Positive Youth Development: An Overview
Positive youth development (PYD) is an approach to working with young people that shifts our focus from a problem and deficit-oriented perspective to one that acknowledges and builds upon the strengths and positive characteristics of youth (Commission on Positive Youth Development, 2005; Hamilton & Hamilton, 2004). PYD has its roots in developmental psychology, developmental epidemiology, and prevention science and is supported by a broad range of programs and agencies including the federal Family and Youth Services Bureau, the Administration for Children and Families, the US Department of Health and Human Services, and the 4H program. The goal of PYD is to build the competence, confidence, character, caring, and connections that will support a young person’s transition into a healthy, happy, responsible, and productive adulthood; once an adolescent has this foundation in place, she is able to cope with challenges and setbacks, and is more apt to contribute to her community. PYD approaches engage youth, their families, and caring community members to provide the scaffolding that young people need to identify and develop their strengths, minimize risks, and buffer against psychological problems. PYD complements and can accommodate much of our new knowledge about adolescent brain development and the research on contemporary issues facing adolescents.

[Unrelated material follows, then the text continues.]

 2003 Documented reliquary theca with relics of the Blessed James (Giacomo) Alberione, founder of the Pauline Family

Principles of Positive Youth Development
– All youth need support and scaffolding.
– Identify and build on strengths.
– Include and engage youth whenever possible.
– Caring families and communities are critical.

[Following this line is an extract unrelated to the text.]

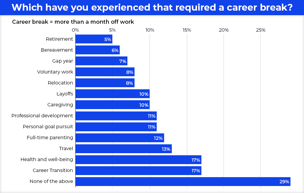 In the United States, a survey by HR found that 47% of employees have had a career break sometime in the past, and statistics from more than 27 million resumes indicate that career gaps lasting more than 12 months now occur in 25% of profiles, compared to 19% five years ago.

– “Problem free is not fully prepared.”
– “Fully prepared is not fully engaged.”
Why Positive Youth Development?
– Optimistic and proactive approach that offers alternative to focus on problems & deficits.

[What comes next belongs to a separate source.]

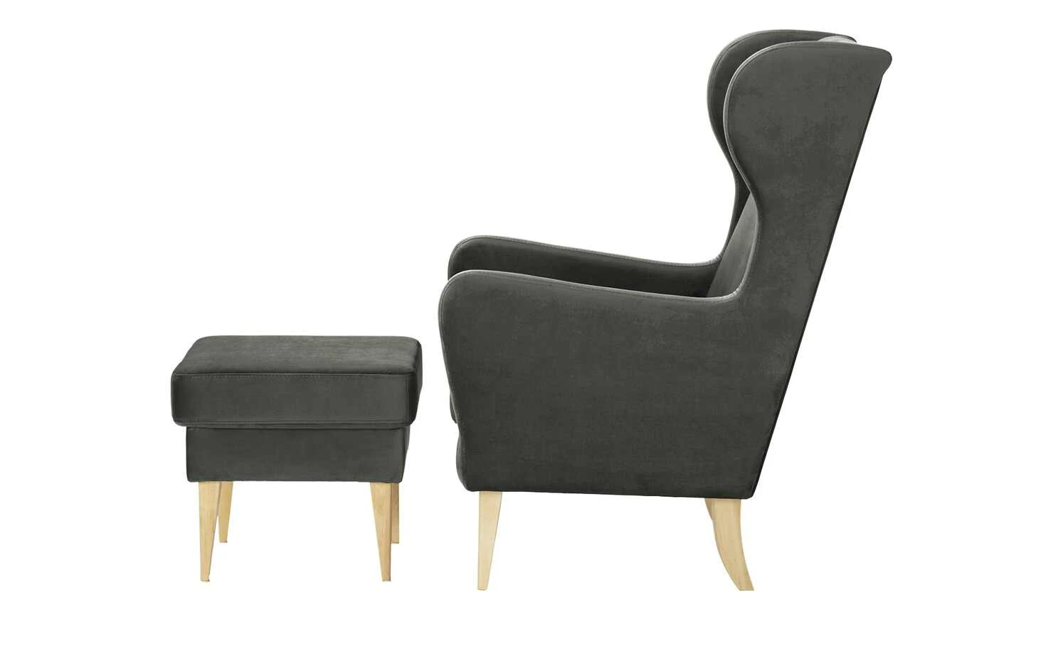 Elegant geschwungene Ohren und Armlehnen machen diesen Sessel zum einladenden Eyecatcher. Der samtig weiche Bezug aus pflegeleichtem Polyester betont das edle Erscheinungsbild gekonnt. Zusammen mit den hellen Massivholzfüßen aus Birkenholz entsteht ein Stil, der sich problemlos in zahlreiche Raumkonzepte integrieren lässt. Die hochwertige Schaumstoffpolsterung wird von einer Gurtfederung unterstützt, sodass für langanhaltenden Sitzkomfort gesorgt ist. Übrigens: Kombinieren Sie den Ohrensessel mit dem gleichnamigen Polsterhocker, um Ihre Füße nach einem langen Tag entspannt hochzulegen.

– Engages youth and empowers them to build strengths and assume leadership.
– Theory and research based approach useful in program and policy development and increasingly embraced by -funding sources.
– Provides rationale/common understanding for decisions.
– Consistent with research on adolescent brain development & authoritative parenting.
What Does PYD Accomplish?
– Engages youth & develops competence, confidence, and character.
– Improves self-esteem, self-efficacy, and self-control..
– Facilitates caring relationships with peers, parents, other adults.
– Builds and strengthens connections with school and other institutions.
– Encourages setting goals and making healthy decisions & lifestyle choices.
– Supports contributions to family and community.
Putting Positive Youth Development into Practice
– See youth as resources, not problems.
– Help young people identify their strengths.
– Surround youth with caring adults to provide positive role models to help them learn skills and appropriate behaviors.
– Engage youth, but provide “scaffolding.”
-Structure challenging experiences to help build complex, adaptive brains by increasing potential for forming and sustaining neuronal connections.
– Provide opportunities for “safe” risk taking to build confidence & competence.
– Encourage paid work, internships, and volunteering.
– Acknowledge & encourage healthy behaviors and choices.
– Provide opportunities to make decisions and coaching in decision making.
– Assist youth to conceptualize help seeking as mature behavior.
– Ensure youth know how to access quality mental health and reproductive health services.
– Encourage youth to think about and plan for the future.
– Provide opportunities to participate and contribute.
– Celebrate achievements and positive experiences.